- PROBLEM DESCRIPTION
Below this line is a listing that includes pictures. Copy exactly, and only, the lines from the one containing "З 18 по 21 жовтня" through the one containing "HomeHealth & PersonalHair"; the pictures do not go in the copy.

- DATA RECORDS
^^^^^^^^
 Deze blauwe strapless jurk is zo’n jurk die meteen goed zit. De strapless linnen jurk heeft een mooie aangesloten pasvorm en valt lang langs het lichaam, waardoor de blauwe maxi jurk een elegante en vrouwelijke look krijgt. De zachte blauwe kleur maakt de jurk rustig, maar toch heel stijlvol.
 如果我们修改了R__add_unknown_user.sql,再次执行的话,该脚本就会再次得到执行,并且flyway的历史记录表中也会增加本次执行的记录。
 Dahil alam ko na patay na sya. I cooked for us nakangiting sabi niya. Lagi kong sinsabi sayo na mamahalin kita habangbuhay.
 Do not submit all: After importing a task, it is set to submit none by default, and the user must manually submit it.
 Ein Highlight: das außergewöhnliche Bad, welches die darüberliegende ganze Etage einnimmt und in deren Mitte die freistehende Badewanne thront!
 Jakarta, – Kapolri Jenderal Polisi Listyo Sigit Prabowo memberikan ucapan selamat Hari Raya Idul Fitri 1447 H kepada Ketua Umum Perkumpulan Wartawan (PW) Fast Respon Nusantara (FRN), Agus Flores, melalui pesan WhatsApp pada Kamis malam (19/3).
^^^^^^^^
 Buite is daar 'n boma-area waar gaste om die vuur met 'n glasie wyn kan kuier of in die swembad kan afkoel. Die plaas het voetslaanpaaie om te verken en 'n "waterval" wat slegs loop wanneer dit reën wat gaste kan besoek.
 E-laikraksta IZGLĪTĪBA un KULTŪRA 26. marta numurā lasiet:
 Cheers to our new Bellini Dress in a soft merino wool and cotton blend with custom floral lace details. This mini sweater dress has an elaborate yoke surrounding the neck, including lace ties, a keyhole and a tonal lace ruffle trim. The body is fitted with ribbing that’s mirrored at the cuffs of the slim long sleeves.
^^^^^^^^
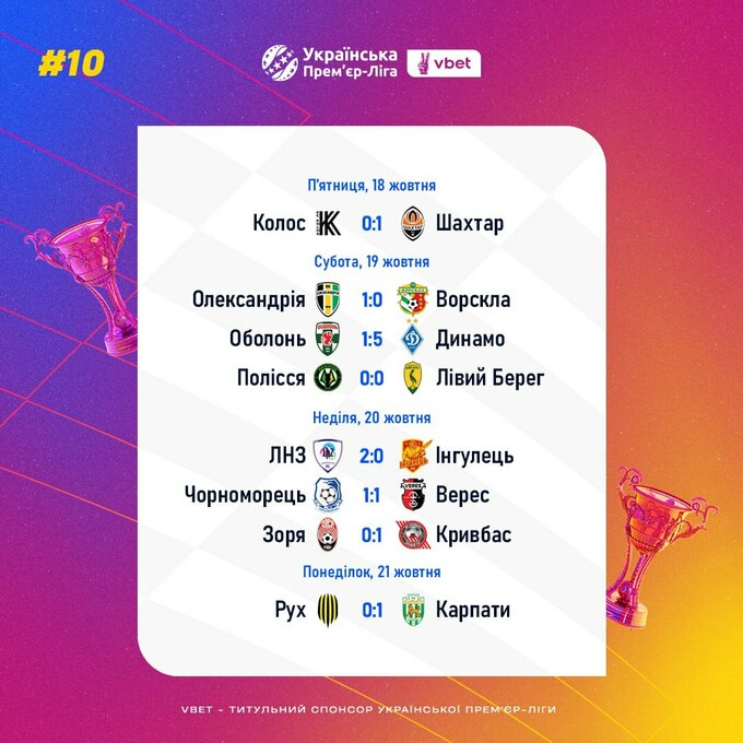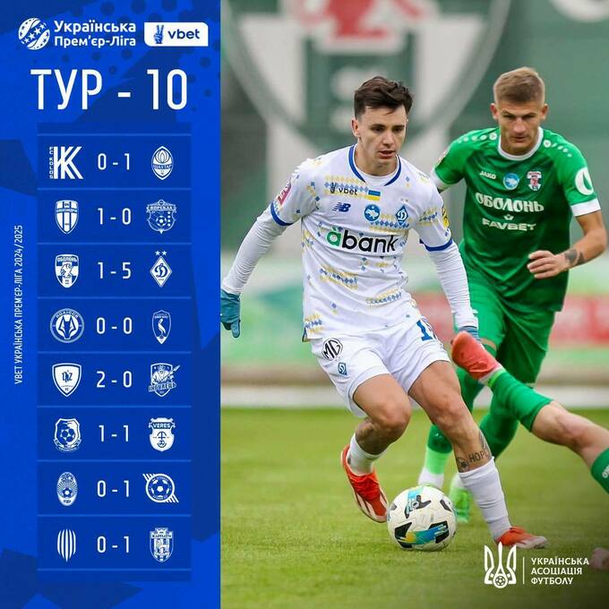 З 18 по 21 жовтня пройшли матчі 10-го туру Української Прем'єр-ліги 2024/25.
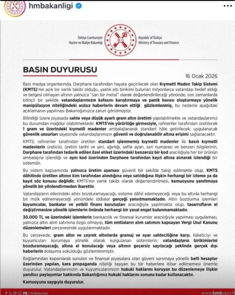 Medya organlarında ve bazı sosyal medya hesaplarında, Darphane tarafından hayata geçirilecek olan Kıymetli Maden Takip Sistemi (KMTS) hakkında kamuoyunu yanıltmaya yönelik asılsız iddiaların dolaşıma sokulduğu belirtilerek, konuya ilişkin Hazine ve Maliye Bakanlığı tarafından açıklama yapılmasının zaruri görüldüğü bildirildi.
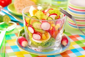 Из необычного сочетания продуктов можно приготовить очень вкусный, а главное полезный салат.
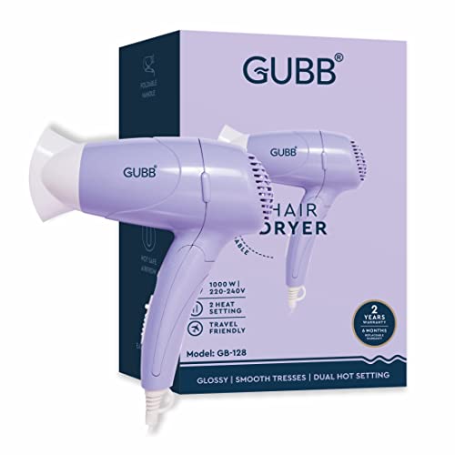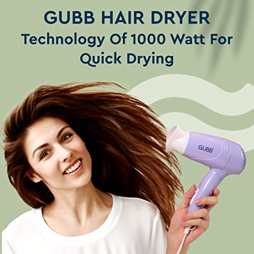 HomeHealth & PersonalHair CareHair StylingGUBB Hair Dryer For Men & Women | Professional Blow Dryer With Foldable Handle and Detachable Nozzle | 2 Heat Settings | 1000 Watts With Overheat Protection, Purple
^^^^^^^^
- EXERCISE RESPONSE
 З 18 по 21 жовтня пройшли матчі 10-го туру Української Прем'єр-ліги 2024/25.
 Medya organlarında ve bazı sosyal medya hesaplarında, Darphane tarafından hayata geçirilecek olan Kıymetli Maden Takip Sistemi (KMTS) hakkında kamuoyunu yanıltmaya yönelik asılsız iddiaların dolaşıma sokulduğu belirtilerek, konuya ilişkin Hazine ve Maliye Bakanlığı tarafından açıklama yapılmasının zaruri görüldüğü bildirildi.
 Из необычного сочетания продуктов можно приготовить очень вкусный, а главное полезный салат.
 HomeHealth & PersonalHair CareHair StylingGUBB Hair Dryer For Men & Women | Professional Blow Dryer With Foldable Handle and Detachable Nozzle | 2 Heat Settings | 1000 Watts With Overheat Protection, Purple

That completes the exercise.